Development Notebook

This folder contains all the files pertaining to the development notebook, which was created as part of Udacity's Data Scientist nanodegree, and all the tests associated were created by them.

project_tests.py: tests developed by Udacity to test the functions created in the development notebook

top_5.p, top_10.p, top_20.p, user_item_matrix.p: additional files called in project_tests.py to test our results

Recommendations_with_IBM.ipynb: a Jupyter development notebook which contains all the functions informing the package. The bare bones of this (instructions) were provided by Udacity, but all the code is mine. Running this notebook as is will enable to follow the main steps behind the recommendation engine, as well as test new functionalities

Recommendations_with_IBM.html: an HTML version of the development notebook, in case only the results are of interest

Data

articles_community.csv: this example csv file contains information about the IBM Watson articles (we are particularly interested in the article_id and doc_description fields). This file is leveraged in the development notebook.

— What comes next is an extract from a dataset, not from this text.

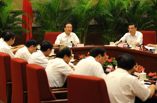 8月20日,国务院总理、国务院西部地区开发领导小组组长温家宝在北京主持召开领导小组会议,讨论并原则通过《关于应对国际金融危机保持西部地区经济平稳较快发展的意见》。 国务院副总理、国务院西部地区开发领导小组副组长李克强出席会议。新华社记者 刘建生 摄
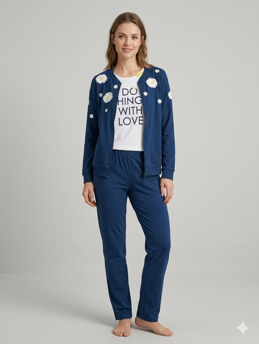 Completo 3 Pezzi Noidinotte “Love & Daisies” – Blu Navy in taglia S.

user-item-interactions.csv: this example csv file contains information about past interactions between users and articles (we are particularly interested in the user_id and article_id fields). This file isn't leveraged in the development notebook per se but serves as an archetypal example in the code below.

user-item-interactions.csv: this example csv file is very similar to the previous one, the only difference being that users are identified by hashed emails rather than user ID's. This file is leveraged by the development notebook.

ArticleRecommender

This folder contains all the files necessary to create and upload the package to PyPi.

setup.py, dist, article_recommender.egg-info: these files are not of interest to understand the package, they only contain metadata or elements necessary for the upload to PyPi.

Article Recommender

The folder article_recommender is where the main files are included.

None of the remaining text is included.